*ASSIGNED TASK*: From the entries that follow, reproduce exactly and only the lines from the line with "1. La primera" to the line with "PERFECT FOR ANY", endpoints included.

*PROVIDED DATA*:

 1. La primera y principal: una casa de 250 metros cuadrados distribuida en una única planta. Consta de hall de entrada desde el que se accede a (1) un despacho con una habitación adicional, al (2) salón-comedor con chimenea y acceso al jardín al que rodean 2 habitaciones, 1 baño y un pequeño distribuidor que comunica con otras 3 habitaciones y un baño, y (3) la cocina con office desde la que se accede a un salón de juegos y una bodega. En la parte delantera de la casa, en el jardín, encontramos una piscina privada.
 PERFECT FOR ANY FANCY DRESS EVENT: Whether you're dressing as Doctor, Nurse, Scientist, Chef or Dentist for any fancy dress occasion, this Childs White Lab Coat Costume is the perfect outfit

* * *

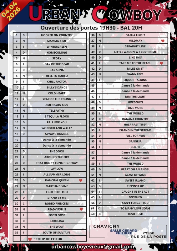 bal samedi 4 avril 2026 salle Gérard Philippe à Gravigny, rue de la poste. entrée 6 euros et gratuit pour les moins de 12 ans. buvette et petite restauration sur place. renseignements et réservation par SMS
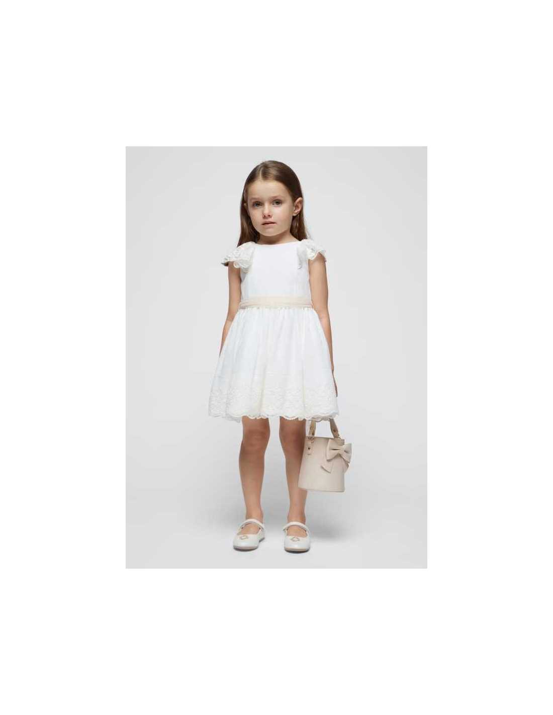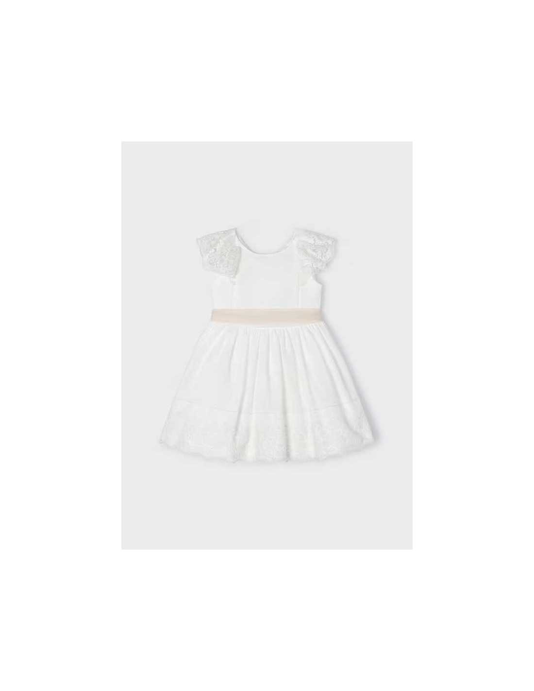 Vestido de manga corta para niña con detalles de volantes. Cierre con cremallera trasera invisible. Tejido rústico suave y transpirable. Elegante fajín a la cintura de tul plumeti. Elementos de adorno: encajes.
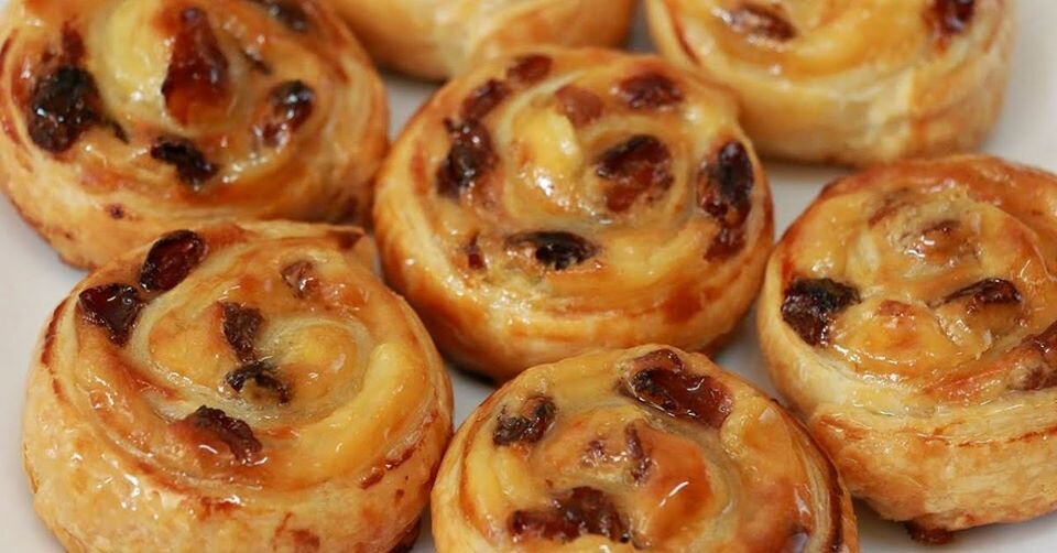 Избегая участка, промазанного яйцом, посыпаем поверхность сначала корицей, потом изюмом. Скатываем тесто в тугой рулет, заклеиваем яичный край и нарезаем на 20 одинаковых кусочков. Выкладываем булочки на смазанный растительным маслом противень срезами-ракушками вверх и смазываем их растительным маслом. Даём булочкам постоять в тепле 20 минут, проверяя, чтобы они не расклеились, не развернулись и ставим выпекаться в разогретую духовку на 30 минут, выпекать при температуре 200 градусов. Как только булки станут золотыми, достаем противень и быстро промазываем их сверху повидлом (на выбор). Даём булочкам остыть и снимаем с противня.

*EXPECTED OUTPUT*:
 1. La primera y principal: una casa de 250 metros cuadrados distribuida en una única planta. Consta de hall de entrada desde el que se accede a (1) un despacho con una habitación adicional, al (2) salón-comedor con chimenea y acceso al jardín al que rodean 2 habitaciones, 1 baño y un pequeño distribuidor que comunica con otras 3 habitaciones y un baño, y (3) la cocina con office desde la que se accede a un salón de juegos y una bodega. En la parte delantera de la casa, en el jardín, encontramos una piscina privada.
 PERFECT FOR ANY FANCY DRESS EVENT: Whether you're dressing as Doctor, Nurse, Scientist, Chef or Dentist for any fancy dress occasion, this Childs White Lab Coat Costume is the perfect outfit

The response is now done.